Lahir di Semarang pada 11 April 1969, Ilma Nugrahani tumbuh sebagai sosok yang memesona, baik dari segi rupa maupun kecerdasan. Sejak kecil, ia dikenal sebagai anak yang tekun, cerdas, dan memiliki semangat belajar yang tinggi. Di sela-sela kesibukannya sebagai pelajar, Ilma juga dikenal memiliki bakat seni, terutama dalam bidang tarik suara. Hobinya bernyanyi kerap menjadi pelipur lara dan sumber keceriaan bagi orang-orang di sekitarnya.
Pendidikan menengah ia tempuh di SMA Negeri 3 Semarang, sebuah sekolah unggulan yang semakin menempa kedisiplinan dan intelektualitasnya. Selepas SMA, Ilma melanjutkan pendidikan tinggi di Sekolah Farmasi Institut Teknologi Bandung (ITB), sebuah langkah besar yang kelak menjadi fondasi karier ilmiahnya. Di kampus itulah ia bertemu dengan sosok yang kelak menjadi pasangan hidupnya—Ismail. Pertemuan mereka bukan di ruang kuliah atau perpustakaan, melainkan di pelataran Masjid Salman ITB, sebuah tempat yang menjadi saksi awal hubungan yang suci dan penuh makna. Pertemuan itu begitu sederhana namun sarat akan keindahan dan kehangatan spiritual.
Ilma dan Ismail memutuskan untuk menikah pada bulan September 1991, saat keduanya masih berstatus mahasiswa tingkat akhir. Sebuah keputusan berani di usia muda yang kemudian terbukti sebagai fondasi dari perjalanan rumah tangga yang kokoh dan penuh keberkahan. Dari pernikahan itu, mereka dikaruniai enam orang anak yang menjadi sumber kebahagiaan sekaligus motivasi bagi keduanya dalam menapaki kehidupan.
Ilma bukan hanya pasangan hidup, tetapi juga sahabat seperjuangan bagi Ismail. Ia menemani Ismail sejak masa-masa sulit, ketika sang suami masih mengajar les privat dari rumah ke rumah demi memenuhi kebutuhan sehari-hari. Ia menyaksikan setiap langkah dan kerja keras Ismail dalam membangun karier, hingga akhirnya kini menduduki posisi bergengsi sebagai Sekretaris Jenderal di Kementerian Komunikasi dan Digital (Komdigi). Kesetiaan dan dukungan Ilma menjadi pilar penting di balik setiap keberhasilan yang diraih suaminya.

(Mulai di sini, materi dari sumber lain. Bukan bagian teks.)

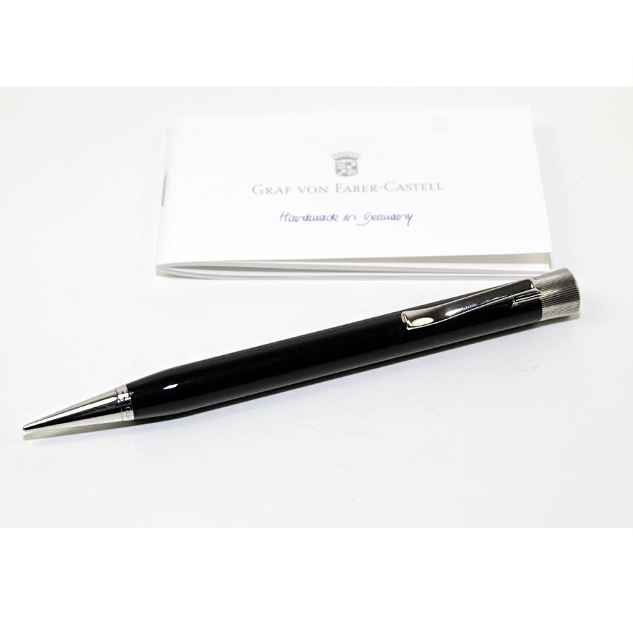Карандаш механический "Intuition Black" немецкой марки "Graf von Faber-Castell" объединяет в себе яркий блеск гладкого черного корпуса и прохладную элегантность платиновой поверхности декоративных деталей. Небольшое углубление на корпусе в области захвата не только говорит о кропотливости работы, проделанной мастерами, но и обеспечивает максимальный комфорт во время письма. Корпус сделан из драгоценной смолы черного цвета, многократно нанесенной вручную слой за слоем. Поверхность корпуса отполирована до блеска. Кроме того, карандаш украшают покрытые платиной передние и торцевые элементы и тонкие гравировки. Механический карандаш оснащен прочным грифелем толщиной 0,7 мм, отсеком для хранения сменных грифелей, а также сменным ластиком белого цвета под торцевым колпачком. Тугой зажим на колпачке имеет пружинную систему.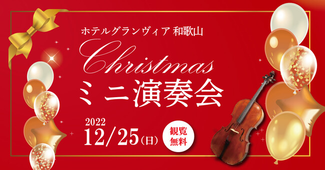 和歌山ターミナルビル株式会社(和歌山市友田町5丁目18番地、代表取締役社長 和田壽三)が運営するホテルグランヴィア和歌山は、2022年12月25日(日)16時00分からホテル1階ロビーでクリスマスミニ演奏会を開催いたします。どなたでもご自由に観覧できます。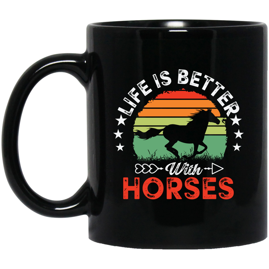 Life Is Better With Horses, Retro Horses, Horse Racing Black Mug
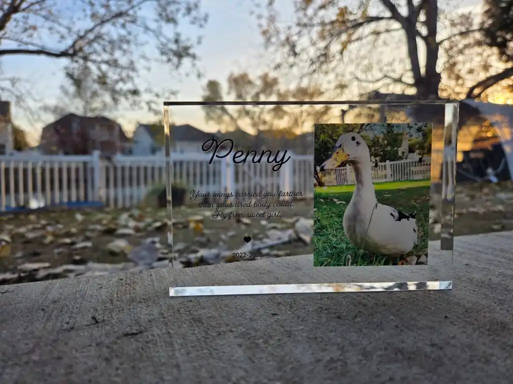 Inside the house, Penny’s ashes and her acrylic memory plaque sit next to Hertha’s. The plaque reads, “Your wings carried you farther than your tired body could. Fly free, sweet girl.” Together, these memorials keep Penny close. Outside, she rests among the flock she loved. Inside, she remains part of our daily life, just as she always was.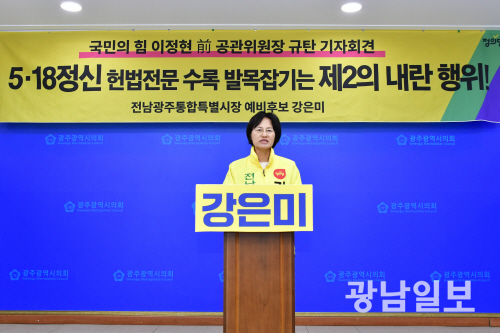 강은미 후보는 9일 광주시의회 브리핑룸에서 기자회견을 갖고 “5·18 헌법 전문 수록을 눈앞에 두고 온갖 시비로 방해를 하고 있는 국민의힘의 직전 공천관리위원장이 전남광주통합특별시장에 출마하겠다는 것은 후안무치다”고 밝혔다.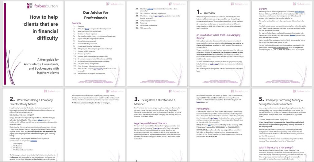 Are some of your clients insolvent or struggling financially? Find out what their options are and how you can help them in our guide, specially written for Accountants, Bookkeepers, Business Advisers, and other professionals with insolvent clients, for free now.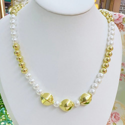 NM1331 collana da donna con perline e perle in oro 18k con perline a tripla pietra focale in oro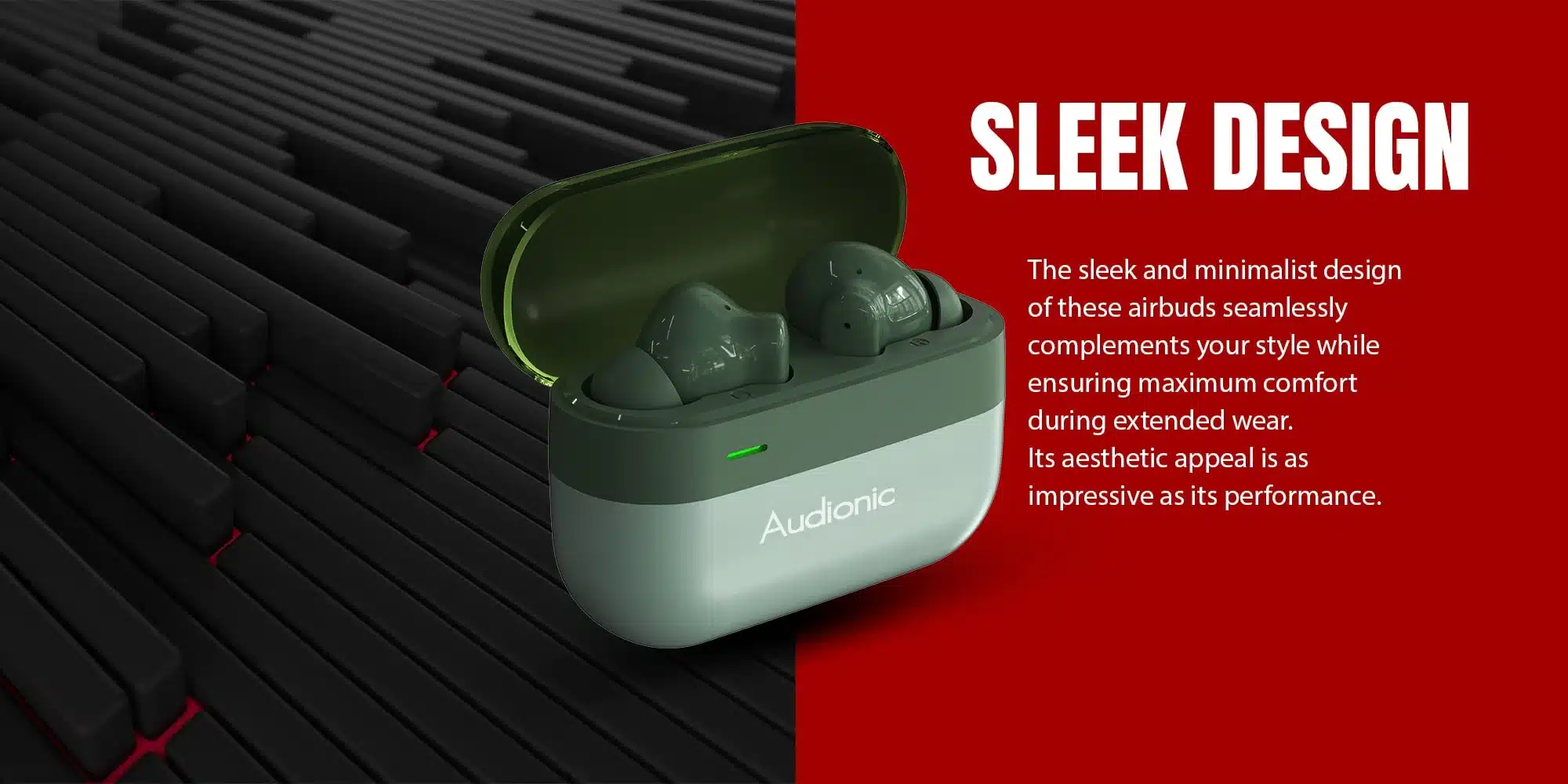 Sleek Design, The Sleek and minmalist design of these airbuds seamlessly complements your style while ensuring maximum comfort during extended wear. its aesthetic appeal is as impressive as its performance.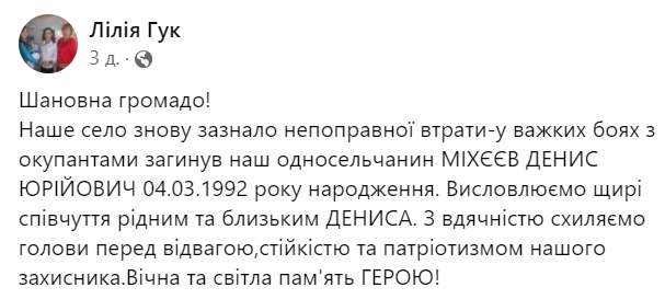 Про точну дату та час прощання з Героєм поки не інформують.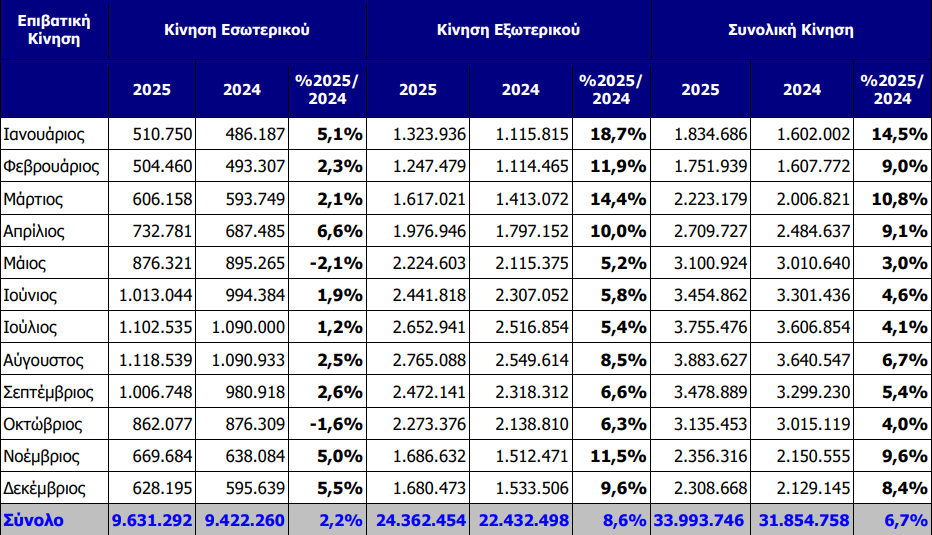 Η επιβατική κίνηση του αεροδρομίου της Αθήνας κατά τη διάρκεια του Δεκεμβρίου 2025 ανήλθε σε 2,31 εκατ., αυξημένη κατά 8,4% σε σύγκριση με τον Δεκέμβριο του 2024. Τόσο η εγχώρια, όσο και η διεθνής επιβατική κίνηση παρουσίασαν άνοδο, υπερβαίνοντας τα επίπεδα του 2024 κατά 5,5% και 9,6% αντίστοιχα. Συνολικά, σε ετήσια βάση, η κίνηση του αεροδρομίου έφθασε τους 34 εκατ. επιβάτες, σημειώνοντας άνοδο της τάξης του 6,7%. Η επιβατική κίνηση, τόσο του εσωτερικού, όσο και του εξωτερικού, παρουσίασε αύξηση της τάξης του 2,2% και 8,6% αντίστοιχα.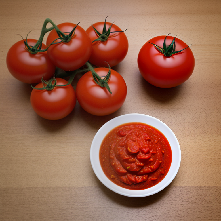 Fresh Red Tomatoes and a Jar of Homemade Tomato Sauce with Basil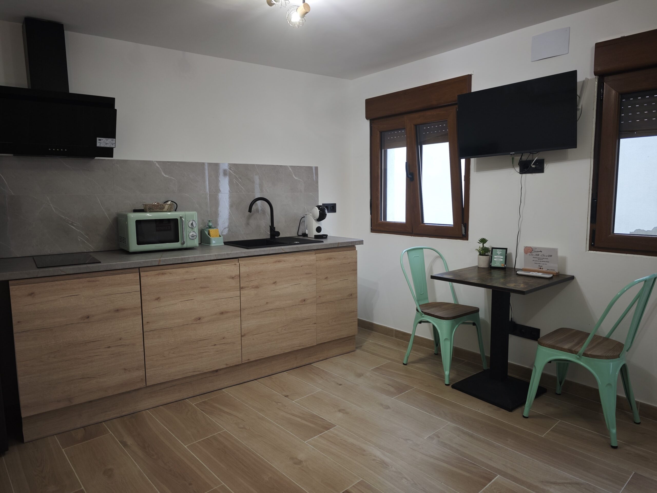 Equipada con cocina, cafetera, lavadora, aire acondicionado, tv en salón y dormitorio, hidromasaje doble, ducha bajo la piedra. Dispone de plancha para la ropa, secador de pelo.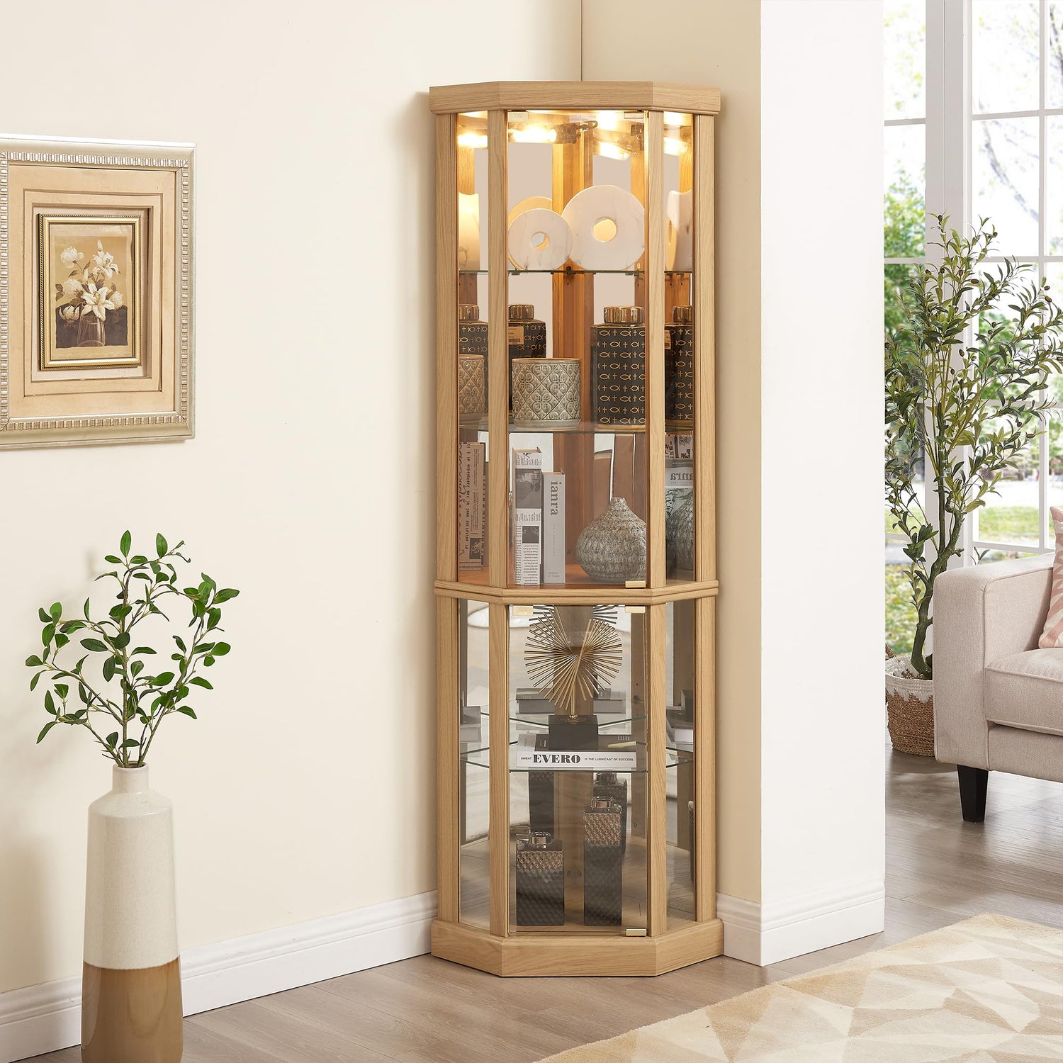TRJQBCC 69" H Lighted Corner Display Cabinet, Curio Corner Glass Cabinet w/Adjustable Shelves & Glass Door, 5-Tier Wooden Storage Display Case w/Mirrored Back Pane for Living Room(Light Oak)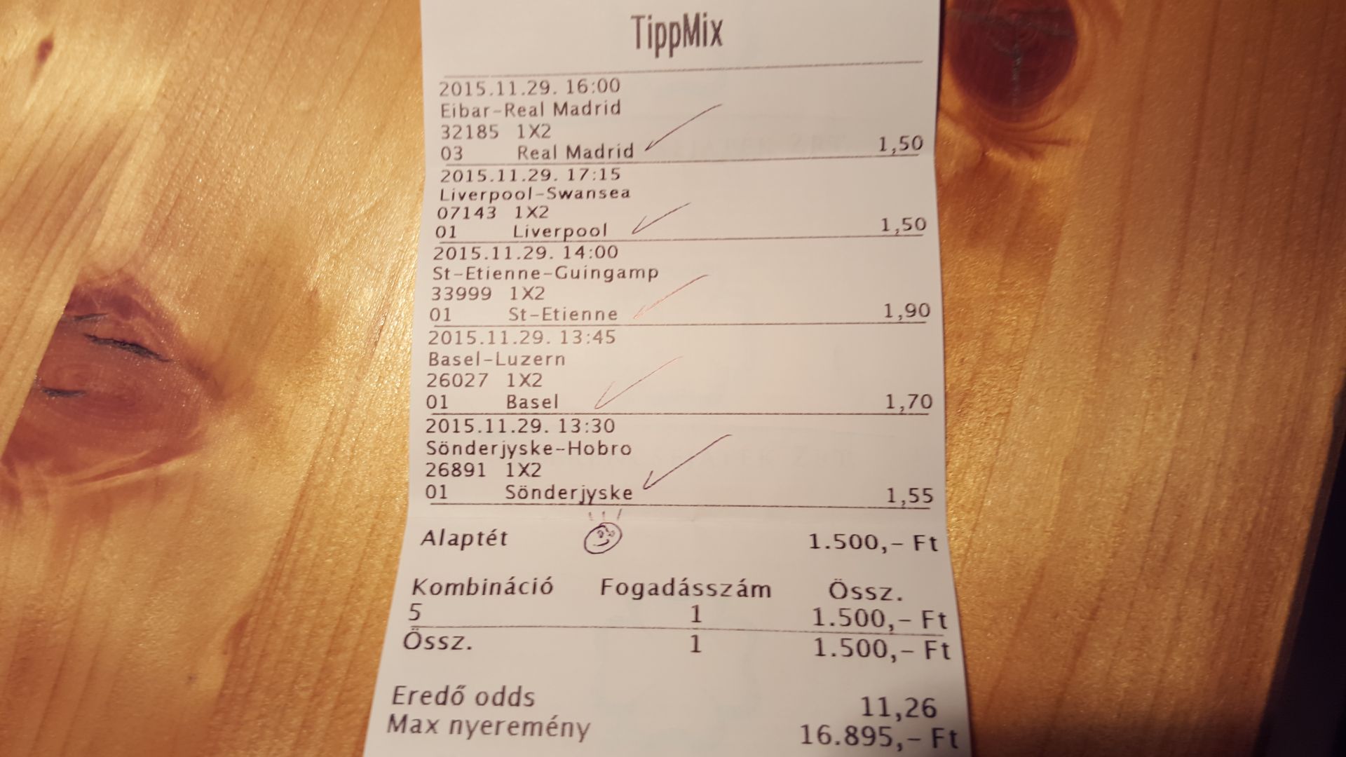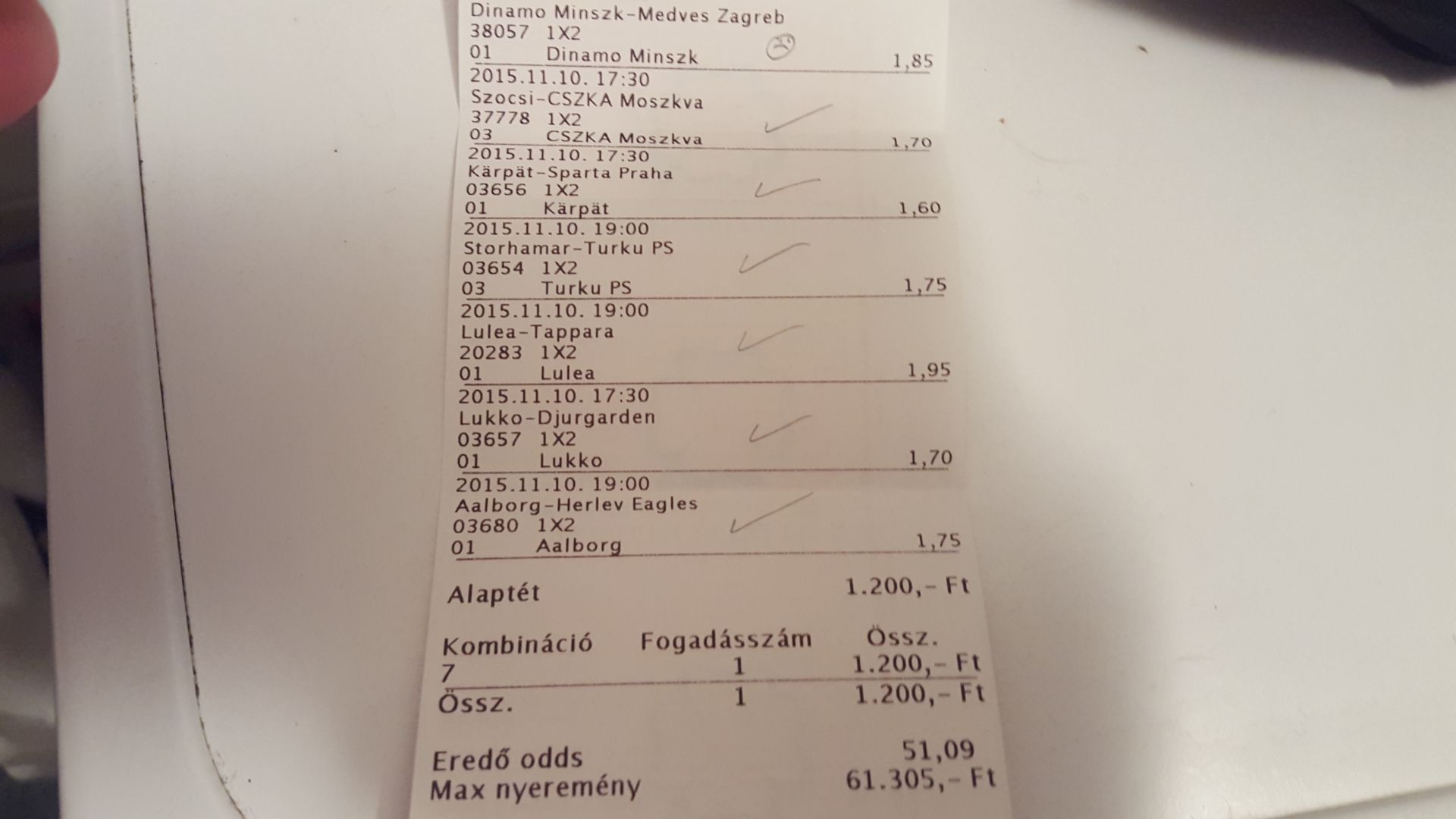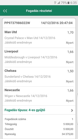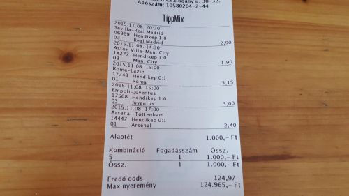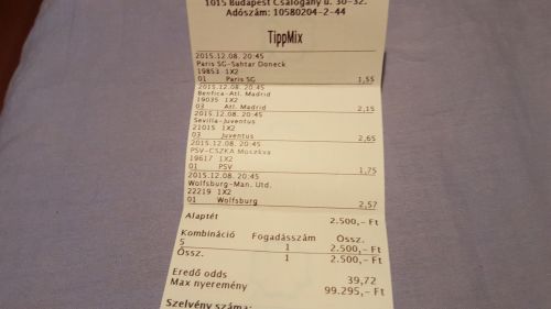 Szóval ha nem veszem ki a Juventus 1-1-nél akkor mind a 6 meccs jön és 2k------>168k lett volna...így 2k----->27k lett.

Tidak hanya aktif di bidang akademik, Ilma juga turut berperan dalam kegiatan sosial kemasyarakatan. Ia menjabat sebagai Ketua Dharma Wanita Komdigi, sebuah posisi yang ia jalani dengan semangat dan dedikasi tinggi. Dalam perannya tersebut, Ilma aktif mensosialisasikan pentingnya literasi dan transformasi digital bagi perempuan, mendorong kaum ibu dan perempuan Indonesia agar melek teknologi dan mampu berdaya di era digital.
Meski memiliki banyak tanggung jawab sebagai ibu rumah tangga, Ilma tidak pernah mengabaikan impiannya di bidang pendidikan dan keilmuan. Ia melanjutkan studi magister di Fakultas Farmasi Universitas Indonesia (UI), dan kemudian kembali ke almamaternya, ITB, untuk menempuh program doktoral di bidang yang sama. Konsistensinya dalam riset dan akademik membawanya menjadi dosen tetap di Sekolah Farmasi ITB, tempat ia membina generasi demi generasi calon apoteker dan ilmuwan farmasi.
Perjuangan panjang dan dedikasi tanpa henti itu akhirnya membuahkan pengakuan tertinggi di dunia akademik. Pada tahun 2025, Ilma resmi menyandang gelar Profesor dalam bidang farmasi di ITB. Ia telah mempublikasikan puluhan artikel ilmiah di jurnal-jurnal internasional terindeks Scopus, bahkan banyak di antaranya masuk dalam kategori Q1, menunjukkan kualitas dan dampak risetnya yang sangat tinggi.
Kini, di samping tetap aktif dalam kegiatan akademik, sosial, dan penelitian, Ilma juga menikmati perannya sebagai nenek dari tiga cucu yang lucu dan menggemaskan. Hidupnya adalah potret ketekunan, cinta, dan keberanian seorang perempuan yang tak pernah berhenti belajar, mencinta, mengabdi—dan memberi inspirasi.